Concernant le genre, le groupe d’enfants était composé de vingt-trois filles et seize garçons. La majorité des enfants a été infectée par la voie maternelle, un enfant ayant un mode de transmission indéterminé, tandis que quatre des jeunes filles ont été infectées par la voie sexuelle. Ceci explique la raison pour laquelle le nombre de filles est supérieur au nombre de garçons, sachant que d’une façon générale, la file active de l’hôpital pédiatrique comprenait un nombre de filles et de garçons équivalent. Concernant leur prise en charge thérapeutique, trente-deux étaient sous traitement antirétroviral au moment de l’enquête, six étaient sous traitement prophylactique au cotrimoxazole39. Un enfant en rupture de suivi, était sans traitement. D’un point de vue scolaire, trente-deux enfants étaient scolarisés, souvent grâce au soutien financier des associations. Un adolescent de quatorze ans était en formation scolaire, et un de dix-huit ayant achevé sa formation de menuisier recherchait un emploi. Trois adolescents étaient déscolarisés en raison de leur état de santé, tandis que trois autres adolescents n’étaient pas scolarisés. Il est à noter que deux de ces adolescents sont des adolescentes infectées par la voie sexuelle et qui n’étaient pas scolarisées au moment de la découverte de leur statut.

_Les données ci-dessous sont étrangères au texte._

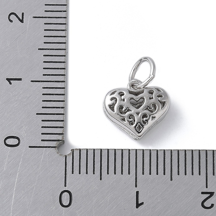 Изысканные объемные (3D) подвески-шармы в форме сердца с декоративным цветочным узором, выполненные из стерлингового серебра 925 пробы. Каждый шарм имеет родиевое покрытие (рhodium plated), которое придает ему благородный платиновый блеск и защищает от потемнения. Конструкция полая - шармы выглядят легкими и одновременно объемными. В комплекте - готовые к использованию открытые кольца (jump rings), а на поверхности есть четкий оттиск «925», что гарантирует настоящее серебро.
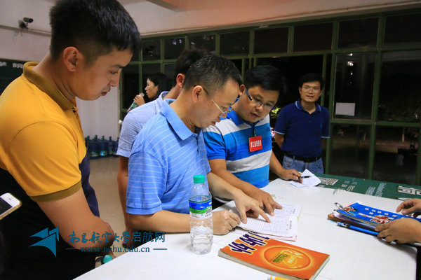 何兴道在宿管处检查学工干部宿舍走访的签到记录(图/学工处)
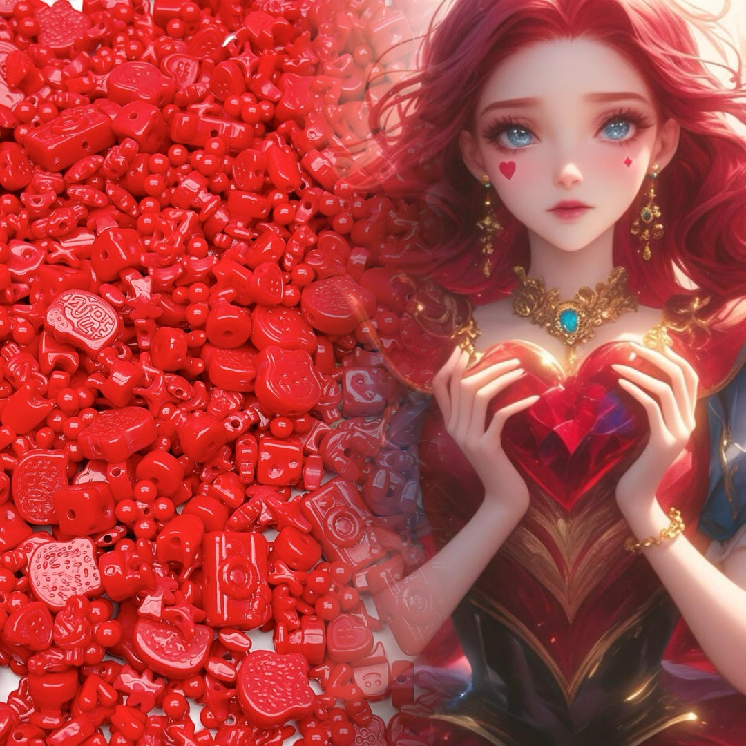 A1031 レトロレッド アクリルビーズ ハートミックス DIYアクセサリーパーツ ハンドメイド素材

Autre point important à souligner dans la présentation de l’échantillon des enfants rencontrés, vingt- vingt-sept enfants sur trente-neuf étaient informés de leur statut sérologique et trois avaient été partiellement informés (ie. le mot « sida » n’ayant pas été explicitement nommé). Neuf enfants n’étaient donc pas formellement informés de leur maladie. D’un point de vue épistémologique, la question de savoir si je devais réaliser des entretiens avec des enfants informés ou non de leur maladie s’est posée dès le début de l’enquête. Réaliser des entretiens avec des enfants non informés de leur maladie posait des problèmes d’ordre éthique et épistémologique faisant écho à la situation d’enquête décrite par Vidal à Abidjan dans les années 1990, dans le cadre de son étude sur les itinéraires thérapeutiques de patients

39 « Cotri » est le diminutif de cotrimoxazole, antibiotique communément utilisé de façon prophylactique dans la prise en charge des

personnes infectées par le VIH afin de prévenir des infections opportunistes comme la pneumocystose ou la toxoplasmose.